At time $${t_k},$$ the cash flow from immediate exercise is known to the investor, and the value of immediate exercise simply equals this cash flow. The cash flows from continuation, of course, are not known at time $${t_k}.$$ No-arbitrage valuation theory, however, implies that the value of continuation, or equivalently, the value of the option assuming that it cannot be exercised until after $${t_k},$$ is given by taking the expectation of the remaining discounted cash flows $$C(\omega ,s;{t_k},T)$$ with respect to the risk-neutral pricing measure $$Q.$$ Specifically, at time $${t_k},$$ the value of continuation $$F(\omega ;{t_k})$$ can be expressed as

(1)
$$F(\omega ;{t_k}) = {E_Q}\left[ {\sum\limits_{j = k + 1}^K {\exp \left( { - \int_{{t_k}}^{{t_j}} {r(\omega ,s)ds} } \right)C(\omega ,{t_j};{t_k},T)|{{\cal F}_{{t_k}}}} } \right],$$
where $$r(\omega ,t)$$ is the (possibly stochastic) riskless discount rate, and the expectation is taken conditional on the information set $${{\cal F}_{{t_k}}}$$ at time $${t_k}.$$ With this representation, the problem of optimal exercise reduces to comparing the immediate exercise value with this conditional expectation, and then exercising as soon as the immediate exercise value is positive and greater than or equal to the conditional expectation.

### The LSM algorithm

The LSM approach uses least squares to approximate the conditional expectation function at $${t_{K - 1}},{t_{K - 2}}, \ldots ,{t_1}.$$ We work backwards since the path of cash flows $$C(\omega ,s;t,T)$$ generated by the option is defined recursively; $$C(\omega ,s;{t_k},T)$$ can differ from $$C(\omega ,s;{t_{k + 1}},T)$$ since it may be optimal to stop at time $${t_{k + 1}},$$ thereby changing all subsequent cash flows along a realized path $$\omega .$$ Specifically, at time $${t_{K - 1}},$$ we assume that the unknown functional form of $$F(\omega ;{t_{K - 1}})$$ in Equation (1) can be represented as a linear combination of a countable set of $${{\cal F}_{{t_{K - 1}}}}$$-measurable basis functions.
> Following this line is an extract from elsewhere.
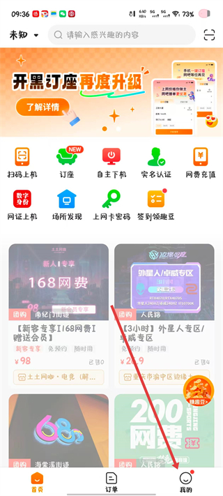 2、进入APP主界面,在页面中找到显示新人专享168网费的团购推荐内容,点击该内容。

This assumption can be formally justified, for example, when the conditional expectation is an element of the $${L^2}$$ space of square-integrable functions relative to some measure. Since $${L^2}$$ is a Hilbert space, it has a countable orthonormal basis and the conditional expectation can be represented as a linear function of the elements of the basis.5 As an example, assume that $$X$$ is the value of the asset underlying the option and that $$X$$ follows a Markov process.6 One possible choice of basis functions is the set of (weighted) Laguerre polynomials:

(2)
$${L_0}(X) = \exp ( - X/2),$$

(3)
$${L_1}(X) = \exp ( - X/2)\;(1 - X),$$

(4)
$${L_2}(X) = \exp ( - X/2)\;(1 - 2X + {X^2}/2),$$

(5)
$${L_n}(X) = \exp ( - X/2){{{e^X}} \over {n!}}{{{d^n}} \over {d{X^n}}}({X^n}{e^{ - X}}).$$

With this specification, $$F(\omega ;{t_{K - 1}})$$ can be represented as

(6)
$$F(\omega ;{t_{K - 1}}) = \sum\limits_{j = 0}^\infty {{a_j}\;{L_j}(X),}$$
where the $${a_j}$$ coefficients are constants. Other types of basis functions include the Hermite, Legendre, Chebyshev, Gegenbauer, and Jacobi polynomials.7 Numerical tests indicate that Fourier or trigonometric series and even simple powers of the state variables also give accurate results.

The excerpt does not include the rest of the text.